Request of [UpdateGcpUserAccessBinding] [google.identity.accesscontextmanager.v1.AccessContextManager.UpdateGcpUserAccessBinding].

UpdateServicePerimeterRequest

A request to update a ServicePerimeter.

Enums

AccessLevel.LevelOneofCase

Enum of possible cases for the "level" oneof.

AccessLevelName.ResourceNameType

The possible contents of AccessLevelName.

AccessPolicyName.ResourceNameType

The possible contents of AccessPolicyName.

BasicLevel.Types.ConditionCombiningFunction

Options for how the conditions list should be combined to determine if this AccessLevel is applied. Default is AND.

GcpUserAccessBindingName.ResourceNameType

The possible contents of GcpUserAccessBindingName.

LevelFormat

The format used in an AccessLevel.

ServicePerimeter.Types.PerimeterType

Specifies the type of the Perimeter. There are two types: regular and bridge. Regular Service Perimeter contains resources, access levels, and restricted services. Every resource can be in at most ONE regular Service Perimeter.

In addition to being in a regular service perimeter, a resource can also be in zero or more perimeter bridges. A perimeter bridge only contains resources. Cross project operations are permitted if all effected resources share some perimeter (whether bridge or regular). Perimeter Bridge does not contain access levels or services: those are governed entirely by the regular perimeter that resource is in.

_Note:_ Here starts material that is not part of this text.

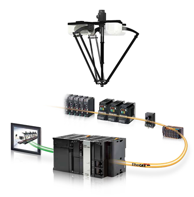 Omron Automation and Safety (USA) - Omron’s integrated Sysmac robotics solution offers the capability to integrate machine control, motion, remote I/O, HMI, safety, vision and robotics all in one controller, over one network, and using one programming software. The Omron Sysmac NJ Machine Automation Controller (MAC) is the core of this system architecture and based on the high speed EtherCAT network, providing optimal motion performance for demanding pick and place applications. Up to eight delta robots can be controlled by one Sysmac NJ.
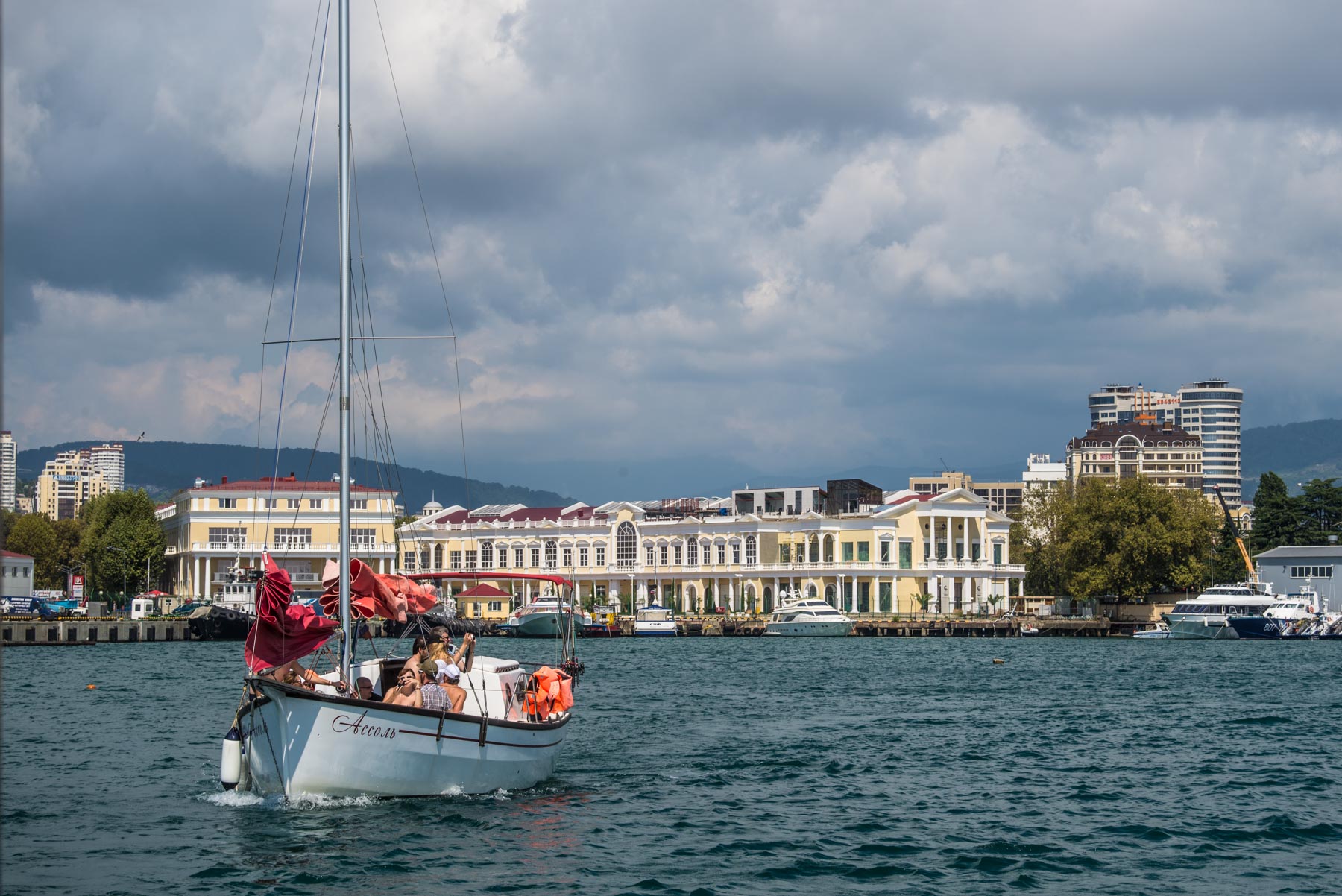 На следующий день нас ждала неожиданность, которая едва не переросла в катастрофу. Попрощавшись с уютной базой отдыха в Солониках, мы на электричке (чтобы не попасть в пробки и избавить себя от серпантина) отправились в Сочи. Здесь нас ждало катание на яхте. Получив три судна в полное распоряжение на час, мы снялись с якоря. Две яхты, как яхты, а вот третья явно носит название “Беда”. Не успели мы выйти в открытое море из бухты, как в отношениях капитана и юнги почувствовался разлад. Юнга явно не знал, как обращаться с парусом, а капитан это знал, но зато пребывал в плохой осведомленности о техническом состоянии судна. Короче, двигатель отказал и лодка начала неконтролируемо болтаться по бухте, постепенно приближаясь к волнорезу. Тому самому, на котором находится красный маяк. Пассажиры бы не паниковали, если бы контроль над эмоциями не стал терять капитан. Он постоянно орал кому-то в рацию, чтоб прислали катер, да поскорее, потому что до наброски на волнорез осталось всего несколько десятков метров. В итоге лодку спасли, но осадочек, как говорится, остался.

Perimeter Bridges are typically useful when building more complex toplogies with many independent perimeters that need to share some data with a common perimeter, but should not be able to share data among themselves.

ServicePerimeterConfig.Types.IdentityType

Specifies the types of identities that are allowed access in either [IngressFrom] [google.identity.accesscontextmanager.v1.ServicePerimeterConfig.IngressFrom] or [EgressFrom] [google.identity.accesscontextmanager.v1.ServicePerimeterConfig.EgressFrom] rules.

ServicePerimeterConfig.Types.IngressSource.SourceOneofCase

Enum of possible cases for the "source" oneof.

ServicePerimeterConfig.Types.MethodSelector.KindOneofCase

Enum of possible cases for the "kind" oneof.

ServicePerimeterName.ResourceNameType

The possible contents of ServicePerimeterName.